ONEONTA _ Planners of this year's Friends of Christmas dinner were on target with their expectations for Thursday's event.
About 500 meals were served at the annual dinner in Oneonta, said Carol Forman, an organizer. This included more than 200 meals at the First United Methodist Church between 12:30 p.m. and 2:30 p.m. In addition, there were about 150 takeouts and 120 deliveries, she said.
Fewer than 400 meals were served at last year's event, but a couple of factors contributed to the group planning for more, Forman said.
The bad economy led Paul Omelia, 45, of Oneonta, and his wife and daughter to attend, he said. He is unemployed, he said, and the dinner provided a chance for the family to share a holiday meal together.
"It helped us out when times are tough," he said. "It's nice to get together and see everyone. It's a community that cares," he said.
His wife, Joanann Omelia, 43, said this is the first year the family attended the dinner.
"I don't have a clue," she said, when asked what the family would do for Christmas dinner without the free meal.
"It's great to see the community come together," she said.
For others, the meal provided an alternative to being alone.
This included Edward Kilpatrick, 84, of Oneonta, whose wife died five years ago. This is the second year he has attended.
"It gets people involved in their community," he said.
With few if any restaurants open, the community event provides a chance for "a nice home-cooked meal" and some companionship, he said.
The dinner also provided an opportunity for people to help others.
See MEALS on Page 3
Peter Exton, 57, said his family got the idea to "pitch in" after his daughter and her friends decided to make cookies for the event.
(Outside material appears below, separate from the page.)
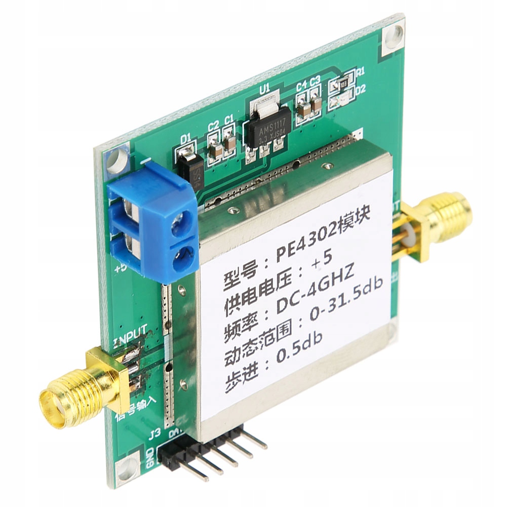 PE4302 jest 6-bitowym cyfrowym tłumikiem krokowym RF o wysokiej liniowości z "DSA" w zakresie od 0,5 dB do 31,5 dB. Zakres częstotliwości jest tłumiony od DC-4000MHz. Ten 50-omowy RF DSA zapewnia równoległe i szeregowe interfejsy sterujące CMOS, które działają na pojedynczym zasilaniu 3 V i zachowują wysoką dokładność tłumienia częstotliwości i temperatury. Posiada również unikalny interfejs sterowania, który pozwala użytkownikowi wybrać początkowy stan tłumienia po włączeniu zasilania. Posiada ekranowaną obudowę oraz diodę zabezpieczającą przed cofaniem.

"Its a wonderful sense of community," he said, as he added dinner rolls to plates of turkey and/or ham.
Its provides both an opportunity to see friends and meet new people, he said.
His daughter, Maggie Exton, a junior at Rensselaer Polytechnic Institute said, "I like seeing everyone come together." The family will be having its own Christmas meal later in the day, she said.
This is the 16th year that Jo Terwilliger, of Oneonta, has helped cook the meal with her husband John.
"Just giving of ourselves is what Christmas is all about," she said. She enjoys making people happy and getting hugs from appreciative mealgoers through her volunteering, she said.
"The merchants in the area have been very generous," said Forman, more than making up for a decline in monetary donations for the dinner. None of the food will go to waste, with leftovers being given to local feeding programs or food pantries, she said.